いくつかの仕事がロボットに代替される過程で、新たな仕事が生まれている。産業分析企業メトラ・マーテック(Metra Martech)社の研究は、ロボットが組立ラインから排除する仕事の数よりも、新たに創出する仕事の方が多いことを示している。インドは助けを得ることができる。ボストン・コンサルティング・グループと、インド産業連盟の報告によると、インドの工場の労働生産性は主要国の中で最下位だ。インドよりひとつ上のブービーにランクインしているブラジルでさえ、インドの労働者より3倍の生産性あるというデータがある。

ロボット国際連盟の資料によると、インドのロボットの設置数は、2013年に前年比で23%上昇。年間売上台数は、1900台という年間最高記録を打ち立てている。ただそれでも、その数は中国に比べるほんのわずかだ。中国では、2014年に約5万6000台のロボットが販売されている。もちろん、世界最大の市場である。iPhoneの製造を担当するフォックスコン・テクノロジー・グループなどをはじめとする中国企業が、人件費の低い他のライバルに対抗しているからだ。

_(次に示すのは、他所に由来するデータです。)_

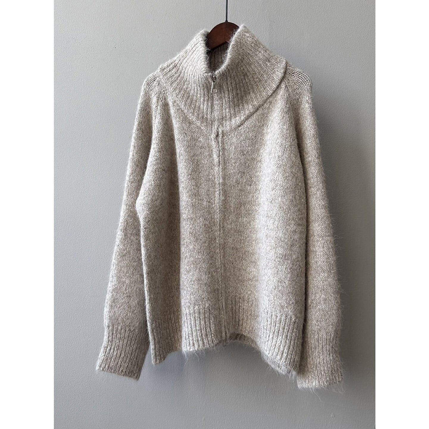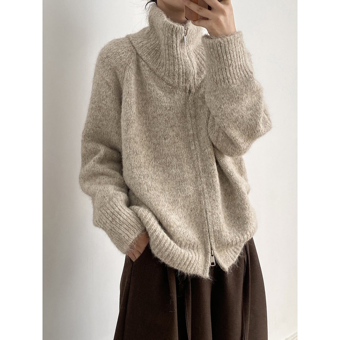 ジップ付きのハイネックが首元の表情を変えられる大人ニット。

工場の仕事だけではない。首都デリーの北東約80キロの位置にある都市・メーラトでは、地元の警察が、交通案内の忙しさを解消するためにロボットを使用することを検討しているそうだ。市内の副監察官であるラミット・シャルマ(Ramit Sharma)氏は、電話取材でそう話した。また、コタック(Kotak)が発行した 今年6月の報告書によると、情報技術関連の会社や銀行も、末端の事務職員の業務を代替えするために、ロボット化や自動化を進めてようとしている。

その労働者数と相対的に見比べるならば、中国とインドはまだわずかしかロボットが浸透していないと言える。 IFRのデータによると、東南アジア諸国のロボット密度(工場労働者1万人あたりのロボット台数)を牽引するのは、タイ、インドネシア、マレーシアだ。

ロンドンに本拠地を構えるスタンダード・チャータード(Standard Chartered)銀行のシニアエコノミスト・Madhur Jha氏は、次のように指摘する。

「インドには(ロボット化、自動化における)競争で敗北する脅威が潜在している周辺国は、わずかにより開発された強力な製造拠点を持っており、競争力を維持するために自動化を迅速に進めています。」